Udayan Apte, Gang Zeng, Peggy Müller, Xinping Tan, Amanda Micsenyi, Benjamin Cieply, Chunsun Dai, Youhua Liu, Klaus H. Kaestner, Satdarshan P. Monga,

Hepatitis B Virus Studies

Hepatocyte growth factor (HGF) and β-catenin both play a crucial role in stimulating hepatocyte proliferation, but whether these 2 pathways cooperate in inducing hepatocyte proliferation is unclear. We have previously reported that β-catenin forms a complex with c-Met (HGF receptor) that undergoes dissociation because of β-catenin tyrosine phosphorylation on stimulation by HGF. It is also known that delivery of the human HGF gene cloned in a plasmid under a CMV promoter results in hepatomegaly in mice. In addition, recently characterized β-catenin transgenic mice also showed hepatomegaly. The present study was based on the hypothesis that HGF-induced hepatomegaly is mediated, at least in part, by activation of the Wnt/β-catenin pathway. Here we report that delivery of the human HGF gene delivery in mice led to hepatomegaly via β-catenin activation in the liver in 1- and 4-week studies. The mechanisms of β-catenin activation in the 1-week study included loss of c-Met–β-catenin association as well as canonical β-catenin activation, leading to its nuclear translocation.
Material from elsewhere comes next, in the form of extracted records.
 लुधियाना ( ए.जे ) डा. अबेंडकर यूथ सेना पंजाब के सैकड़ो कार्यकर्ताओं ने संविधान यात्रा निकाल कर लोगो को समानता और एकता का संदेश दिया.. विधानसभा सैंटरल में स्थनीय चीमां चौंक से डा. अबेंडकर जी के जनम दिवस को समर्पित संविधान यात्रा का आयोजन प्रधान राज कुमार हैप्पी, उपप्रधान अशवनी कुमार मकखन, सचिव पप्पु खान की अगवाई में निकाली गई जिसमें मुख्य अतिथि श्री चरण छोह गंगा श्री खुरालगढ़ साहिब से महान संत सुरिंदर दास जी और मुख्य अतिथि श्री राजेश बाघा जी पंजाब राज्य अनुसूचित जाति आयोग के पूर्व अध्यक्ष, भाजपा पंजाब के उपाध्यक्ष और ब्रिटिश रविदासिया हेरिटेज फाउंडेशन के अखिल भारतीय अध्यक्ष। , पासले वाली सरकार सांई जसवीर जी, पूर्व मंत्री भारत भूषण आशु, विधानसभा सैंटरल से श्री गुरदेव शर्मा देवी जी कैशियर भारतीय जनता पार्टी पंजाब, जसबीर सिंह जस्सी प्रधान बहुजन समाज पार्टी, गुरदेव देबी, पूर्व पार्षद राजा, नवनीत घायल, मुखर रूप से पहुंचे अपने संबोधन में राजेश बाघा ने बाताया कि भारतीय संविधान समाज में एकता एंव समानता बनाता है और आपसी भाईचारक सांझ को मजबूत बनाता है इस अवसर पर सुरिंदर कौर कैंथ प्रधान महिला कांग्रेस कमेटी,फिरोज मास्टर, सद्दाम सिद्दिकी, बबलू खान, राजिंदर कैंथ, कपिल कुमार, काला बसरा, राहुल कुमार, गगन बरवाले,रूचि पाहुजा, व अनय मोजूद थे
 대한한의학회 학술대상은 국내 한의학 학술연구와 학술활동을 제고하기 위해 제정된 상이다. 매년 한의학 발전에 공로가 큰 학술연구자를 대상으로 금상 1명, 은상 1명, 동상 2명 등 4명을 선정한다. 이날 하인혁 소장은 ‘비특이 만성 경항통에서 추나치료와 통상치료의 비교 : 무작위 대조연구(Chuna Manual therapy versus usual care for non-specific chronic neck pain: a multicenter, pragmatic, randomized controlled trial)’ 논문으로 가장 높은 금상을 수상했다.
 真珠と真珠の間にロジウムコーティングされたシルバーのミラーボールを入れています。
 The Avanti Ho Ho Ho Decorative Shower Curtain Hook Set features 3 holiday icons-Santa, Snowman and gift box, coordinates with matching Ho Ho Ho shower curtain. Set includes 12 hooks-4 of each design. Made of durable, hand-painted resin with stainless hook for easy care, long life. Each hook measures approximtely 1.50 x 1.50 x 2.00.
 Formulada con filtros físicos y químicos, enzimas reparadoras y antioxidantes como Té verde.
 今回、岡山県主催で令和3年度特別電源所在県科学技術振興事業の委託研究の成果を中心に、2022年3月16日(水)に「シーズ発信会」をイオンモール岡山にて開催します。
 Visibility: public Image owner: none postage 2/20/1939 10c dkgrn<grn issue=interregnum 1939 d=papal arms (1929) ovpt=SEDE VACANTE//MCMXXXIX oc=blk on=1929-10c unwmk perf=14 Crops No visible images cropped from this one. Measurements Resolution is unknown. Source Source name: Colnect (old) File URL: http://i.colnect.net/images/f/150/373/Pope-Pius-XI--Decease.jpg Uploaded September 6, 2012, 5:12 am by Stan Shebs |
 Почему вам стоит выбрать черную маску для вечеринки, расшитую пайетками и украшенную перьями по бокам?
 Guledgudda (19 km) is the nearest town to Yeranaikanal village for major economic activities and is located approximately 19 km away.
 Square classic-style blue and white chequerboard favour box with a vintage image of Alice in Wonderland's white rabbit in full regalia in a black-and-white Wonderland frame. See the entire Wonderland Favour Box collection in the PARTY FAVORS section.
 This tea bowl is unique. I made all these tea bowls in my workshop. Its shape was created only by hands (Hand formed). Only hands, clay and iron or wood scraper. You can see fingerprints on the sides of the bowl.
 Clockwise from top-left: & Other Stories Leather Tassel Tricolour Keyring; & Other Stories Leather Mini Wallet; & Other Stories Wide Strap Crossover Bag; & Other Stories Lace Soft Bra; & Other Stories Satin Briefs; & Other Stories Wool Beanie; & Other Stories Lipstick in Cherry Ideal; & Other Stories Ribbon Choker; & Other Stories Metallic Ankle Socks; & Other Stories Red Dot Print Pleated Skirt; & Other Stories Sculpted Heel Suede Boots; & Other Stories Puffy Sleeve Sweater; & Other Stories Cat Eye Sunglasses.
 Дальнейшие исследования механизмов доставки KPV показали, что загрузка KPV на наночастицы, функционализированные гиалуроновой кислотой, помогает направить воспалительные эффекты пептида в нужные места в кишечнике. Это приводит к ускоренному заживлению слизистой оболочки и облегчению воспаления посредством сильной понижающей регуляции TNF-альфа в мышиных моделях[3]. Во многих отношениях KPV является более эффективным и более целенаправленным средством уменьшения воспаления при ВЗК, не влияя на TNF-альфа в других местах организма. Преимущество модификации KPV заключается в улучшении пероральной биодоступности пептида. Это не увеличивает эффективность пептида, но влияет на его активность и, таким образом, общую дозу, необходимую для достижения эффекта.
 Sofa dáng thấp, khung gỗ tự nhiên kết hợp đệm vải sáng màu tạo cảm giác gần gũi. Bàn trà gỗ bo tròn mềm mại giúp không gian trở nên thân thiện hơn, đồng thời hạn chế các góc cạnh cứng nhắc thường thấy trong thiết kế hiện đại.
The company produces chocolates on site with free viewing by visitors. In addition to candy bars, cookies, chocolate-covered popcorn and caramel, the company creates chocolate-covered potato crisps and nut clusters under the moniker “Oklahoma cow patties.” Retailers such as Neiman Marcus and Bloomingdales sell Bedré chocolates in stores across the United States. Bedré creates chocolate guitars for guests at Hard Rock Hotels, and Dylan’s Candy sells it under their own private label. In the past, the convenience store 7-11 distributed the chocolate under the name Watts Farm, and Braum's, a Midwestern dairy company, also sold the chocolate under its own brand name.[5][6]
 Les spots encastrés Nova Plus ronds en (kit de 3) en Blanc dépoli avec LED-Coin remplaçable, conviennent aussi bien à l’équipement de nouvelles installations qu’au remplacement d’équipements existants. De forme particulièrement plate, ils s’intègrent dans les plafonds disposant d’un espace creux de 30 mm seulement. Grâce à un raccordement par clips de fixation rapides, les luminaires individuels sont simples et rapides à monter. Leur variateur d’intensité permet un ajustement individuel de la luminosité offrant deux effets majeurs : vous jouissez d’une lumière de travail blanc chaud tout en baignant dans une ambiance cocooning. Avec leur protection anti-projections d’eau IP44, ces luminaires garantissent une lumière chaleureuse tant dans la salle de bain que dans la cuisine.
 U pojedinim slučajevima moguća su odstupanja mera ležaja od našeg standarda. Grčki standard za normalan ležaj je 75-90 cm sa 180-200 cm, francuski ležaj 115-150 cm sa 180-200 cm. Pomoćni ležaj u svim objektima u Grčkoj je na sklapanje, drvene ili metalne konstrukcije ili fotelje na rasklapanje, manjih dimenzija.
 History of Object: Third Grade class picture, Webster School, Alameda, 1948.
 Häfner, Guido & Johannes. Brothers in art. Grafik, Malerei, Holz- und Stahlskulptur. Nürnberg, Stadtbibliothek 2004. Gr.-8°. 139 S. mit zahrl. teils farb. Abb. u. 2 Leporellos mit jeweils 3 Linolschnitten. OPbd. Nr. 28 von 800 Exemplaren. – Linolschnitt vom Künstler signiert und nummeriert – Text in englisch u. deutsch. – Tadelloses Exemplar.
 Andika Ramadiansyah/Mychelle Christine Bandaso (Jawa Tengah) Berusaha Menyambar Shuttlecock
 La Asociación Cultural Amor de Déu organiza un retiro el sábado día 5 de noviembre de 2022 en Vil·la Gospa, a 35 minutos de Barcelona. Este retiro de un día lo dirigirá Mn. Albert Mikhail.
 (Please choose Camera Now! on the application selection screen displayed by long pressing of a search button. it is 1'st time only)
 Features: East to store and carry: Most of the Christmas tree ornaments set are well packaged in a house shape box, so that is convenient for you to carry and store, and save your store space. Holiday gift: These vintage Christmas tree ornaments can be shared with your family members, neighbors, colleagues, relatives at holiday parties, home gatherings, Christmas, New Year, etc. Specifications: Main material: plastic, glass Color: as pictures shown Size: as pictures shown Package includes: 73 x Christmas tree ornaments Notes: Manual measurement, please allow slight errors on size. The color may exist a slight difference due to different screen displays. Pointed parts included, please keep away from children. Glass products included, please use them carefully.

In the 4-week study, β-catenin activation was observed via canonical mechanisms, whereas the c-Met–β-catenin complex remained unchanged. In both studies there was an associated increase in the E-cadherin–β-catenin association at the membrane. In addition, we generated liver-specific β-catenin knockout mice, which demonstrated significantly smaller livers. HGF gene delivery failed to induce hepatomegaly in these β-catenin conditionally null mice. In conclusion, β-catenin- and HGF-mediated signaling pathways cooperate in hepatocyte proliferation, which may be crucial in liver development, regeneration following partial hepatectomy, and pathogenesis of hepatocellular carcinoma. (HEPATOLOGY 2006;44:992–1002.)